FIG. 4 is a graph showing a Bessel function of the first kind.

Claims (1)

[Claims] 1. An optical path that makes at least one round, branching means that makes light from a light source enter the optical path as right-handed light and left-handed light, and right-handed light and left-handed light propagating through the optical path. An interfering means for interfering light, a phase modulating means for cascading between the branching means and one end of the optical path and providing a phase change to the clockwise light and the counterclockwise light, and the interfering light A light receiver for detecting light intensity as an electric signal, and a first for synchronously detecting a third high frequency of a modulation frequency of the phase modulating means among outputs from the light receiver and outputting an angular velocity.

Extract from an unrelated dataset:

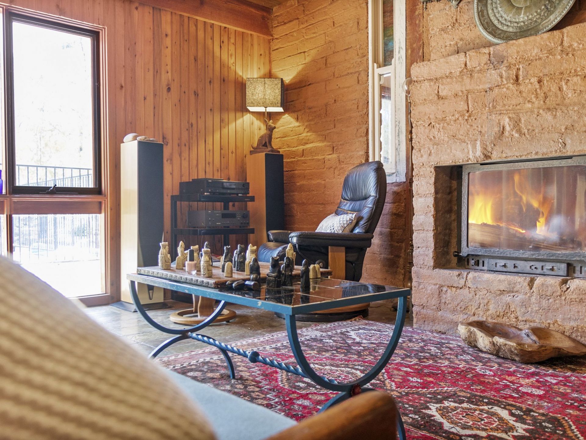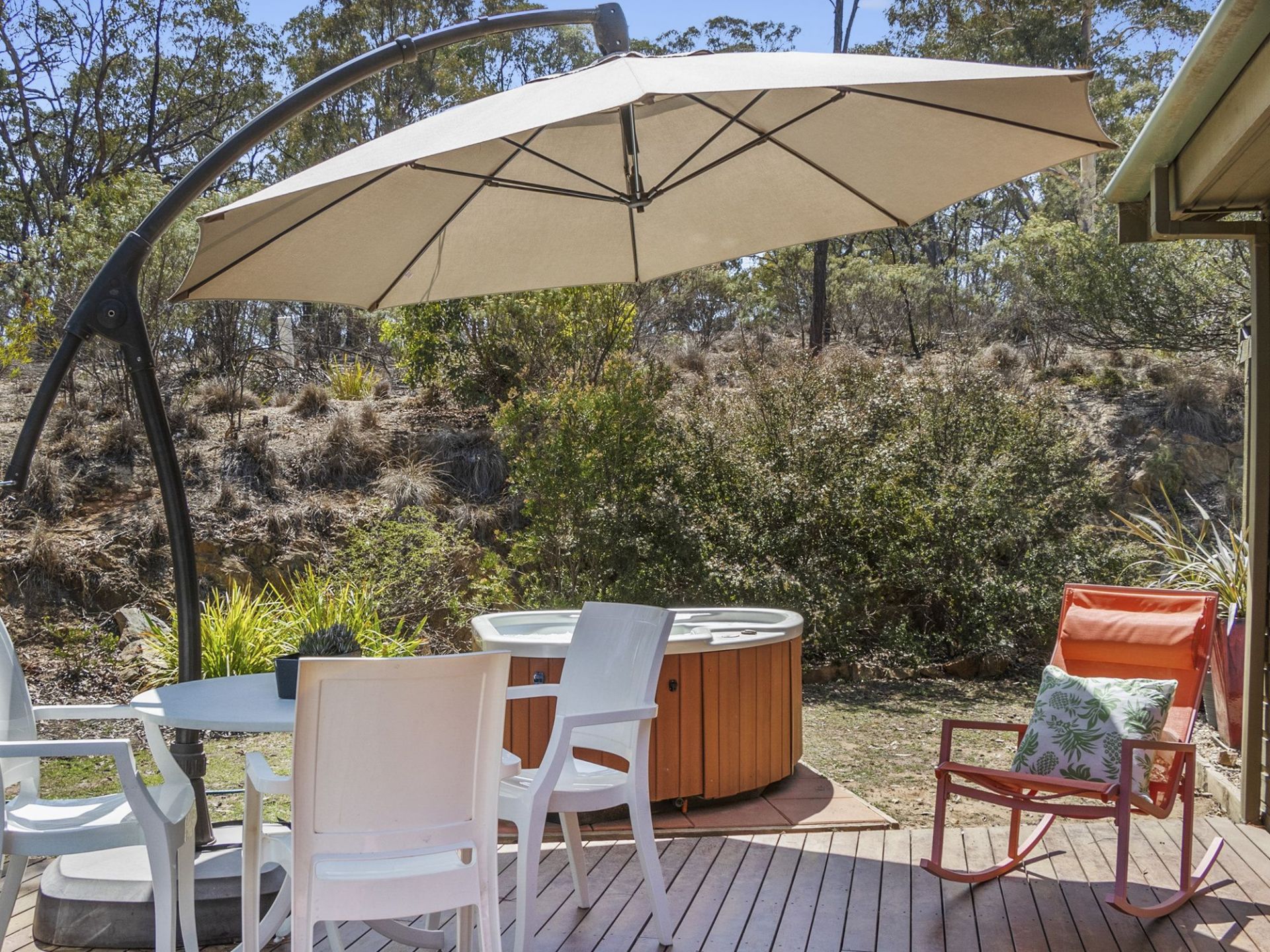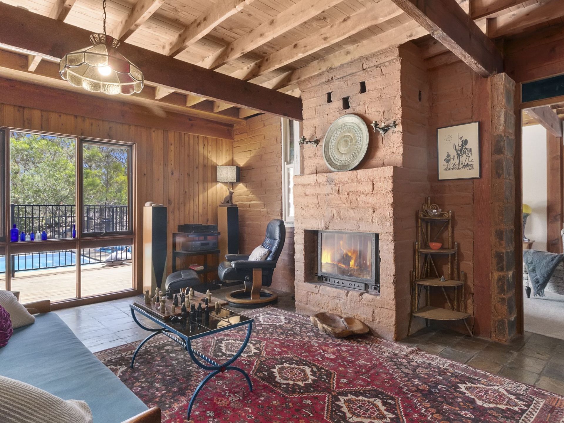 North facing and solar passive, the house has internal mud brick walls to store heat over the winter months and is supported by a slow combustion wood burning heater that has the capacity to convert to an open fireplace. A great feature to relax by.

Synchronous detection means, second synchronous detection means for synchronously detecting a second high frequency of the modulation frequency in the output from the photodetector, and fourth synchronous detection for the fourth harmonic of the modulation frequency from the output of the photodetector 3 synchronous detection means, difference detection means for detecting the difference between the output of the second synchronous detection means and the output of the third synchronous detection means, and the detection power of the difference detection means makes the detection power zero. In the timing generation circuit of the optical interference gyro including the means for feedback controlling the phase modulation means, a clock generator and a first frequency-dividing clock signal from the clock generator. The frequency dividing means, the second frequency dividing means for dividing the positive frequency-divided output of the first frequency dividing means by half, and the reverse polarity frequency-divided output from the second frequency dividing means by 8 minutes. The frequency is divided into 1 and its positive output is the first synchronous detection means. A third frequency dividing means for supplying as a reference timing signal, a fourth frequency dividing means for dividing the reverse polarity frequency divided output of the first frequency dividing means into one third, and an output of the fourth frequency dividing means. A fifth frequency dividing means for dividing the frequency by one half and a positive frequency dividing output of the fifth frequency dividing means are divided by four, and the positive polarity output is sent to the second synchronous detection means. Sixth frequency dividing means for supplying as a reference timing signal, and the reverse polarity frequency-divided output of the fifth frequency dividing means is halved and its positive output is supplied to the third synchronous detection means. And a seventh frequency dividing means, which is supplied as a.